Finally, our previous implementation of the BVH algorithm lumped multiple particles into leaf nodes using the Z-order curve before the BVH was constructed [14]. This procedure reduced the depth of the BVH for traversal, and we found that grouping 4 consecutive particles from the Z-order curve per leaf was optimal in that implementation. However, subsequent analysis of the BVH structure revealed that this procedure produced rare large AABBs when a grouping of 4 spanned a jump in the Z-order curve. The AABBs of internal nodes enclosing such leaf nodes were correspondingly large, slowing traversal. A better approach would first construct the tree with one particle per leaf and then collapse subtrees according to an appropriate heuristic [25]. In practice, we have found in our benchmarks that the BVH performance is already good without any subtree collapse and leave this as a possible future optimization.

3 Implementation

We implemented the quantized BVH algorithm in a neighbor-search library [43] that uses HOOMD-blue (version 2.4.1) [6, 12] as a dependency. HOOMD-blue is an open-source molecular dynamics package optimized for NVIDIA GPUs. The remainder of our discussion will accordingly use terminology from the CUDA programming model [42]. HOOMD-blue can be configured to use either single- or double-precision floating-point values to represent particles, and our implementation supports both data types.

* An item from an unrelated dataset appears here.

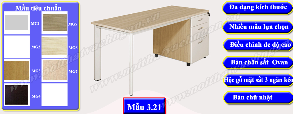 Mẫu 3.21 Bàn làm việc gỗ công nghiệp bề mặt phủ melamine hoặc laminate, chân bàn ống trụ Ovan được liên kết trực tiếp với bàn thông qua các vít, giữa các chân có giằng liên kết. Một bên bàn có hộc liền 3 ngăn kéo riêng biệt được sử dụng đi kèm có chiều cao tới mặt bàn được sử dụng đi kèm thay thế chân bàn. Hộc này thường được làm bằng gỗ công nghiệp giống mặt bàn hoặc làm bằng sắt sơn tĩnh điện mầu giống chân bàn

We constructed an LBVH using Karras’s algorithm [27] with the CUB library [44] for sorting. Neighbor search was performed using Algorithm 1 with the particles in Z-order so that threads within the same CUDA warp traversed similar parts of the tree [14]. Arithmetic operations for compressing and decompressing the AABBs and detecting overlaps were performed using IEEE 754-2008 round-down and round-up modes [45] through the appropriate CUDA intrinsics [42].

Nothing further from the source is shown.